Layer your bread as follows: onions & spinach + blue cheese + squash + apple slices. Say you’re not so much into blue cheese, that’s not a problem. You could swap it out with a cheese of your choosing. How about goat cheese? Maybe some feta? I bet those would work really nicely too.
Pop it back in the oven, and allow your blue cheese to get all melty. Your squash and apple will heat up. Your house will smell like a fancy fall party. It’s good.
Spend a brief moment ogling your work. Good.
Cut it up. Consume. Watch your blue cheese skeptic of a husband eat three slices. High five yourself silently.
Shamelessly eat the leftovers for breakfast. I did, and it was glorious! Enjoy!
- 1 cup coconut flour
- 1/2 tsp baking powder
- 1/2 tsp salt
- 1/2 tsp granulated garlic
- 1 cup full fat coconut milk
- 3 eggs
- 1 delicata squash, de-seeded and cut into circles
- 1 apple, cored and cute into circles
- 1 onion, sliced
- 2-3 cups spinach
- 1/4 cup blue cheese crumbles (don't like blue cheese? Replace it with goat cheese or any other cheese of your choosing!)
- Olive oil
- Preheat your oven to 400 degrees.
- Wash your delicata squash and your apple. Slice the delicata squash into little circles. Once you have sliced it up, using your fingers remove the seeds from the inside of your circles.
- Core your apple and slice it into thin circles, much like your delicata squash.
- Toss your delicata squash and apples with a tbs or so of olive oil. Lay flat on a baking sheet and bake for 20 minutes or until they are cooked through. You should be able to penetrate the squash easily with a fork, and the apple should have softened a bit.
- Once they are done, set them aside and start on your crust. Turn your oven temp down to 375 degrees.Line a baking sheet with parchment paper and lightly grease with olive oil. Set aside.
- In a large mixing bowl add your dry ingredients for your crust. This is going to be your coconut flour, baking powder, salt and granulated garlic. Whisk together until well combined.
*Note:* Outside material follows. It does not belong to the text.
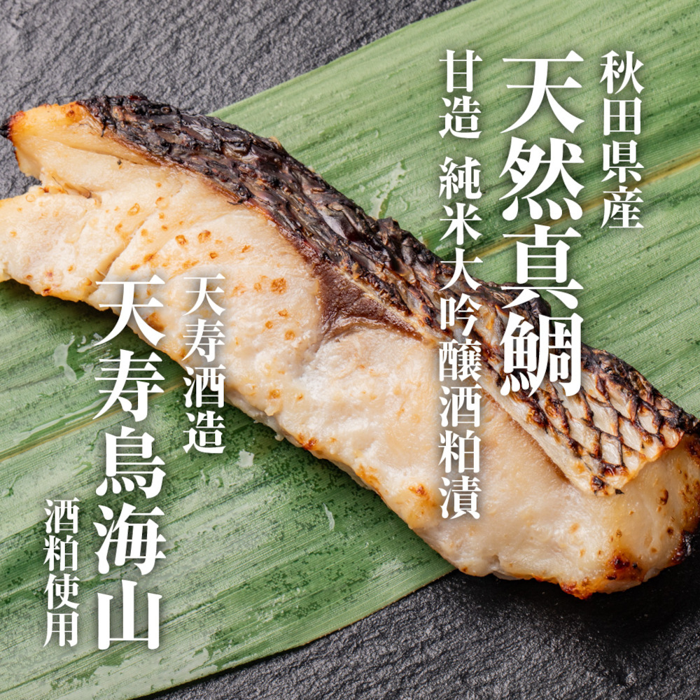 【真鯛 甘造純米大吟醸酒粕漬】真鯛(秋田県産)、酒粕、砂糖、本みりん(もち米、米麹)、食塩、醸造酢

- In a smaller mixing bowl, whisk together your eggs and your coconut milk until they are thoroughly combined.
- Add your wet ingredients into your dry ingredients and whisk until everything is well combined and there are no longer lumps. It should be the consistency of a thick pancake batter. If it seems too thin, you can add coconut flour one tbs at a time until you reach the desired consistency. Be careful though, coconut flour is SUPER absorbent.
- Pour your batter out onto your parchment lined baking sheet. Using a baking spatula, spread your batter out evenly into a flatbread like shape. Don't spread it too thin as it could make it crumbly.
- Bake for 20 minutes. It is done when the batter is set and the top is a light golden-brown color.
- While your crust bakes, you can caramelize your onions. Heat some olive oil up in a skillet over medium heat. Add in your sliced onions and allow them to caramelize and become a rich brown color. Stir frequently. This will take several minutes. Once your onions caramelize, add in your spinach and cook it down until it wilts. Set aside.
- Remove your finished crust from the oven and layer it will your ingredients starting with your caramelized onion and spinach mixture. Layer your blue cheese on top of this and then top with your apples and delicata squash. Bake at 375 for 5-7 minutes. Your blue cheese will get melty and your squash will start to sweat.
- Remove from oven, slice and serve! Enjoy!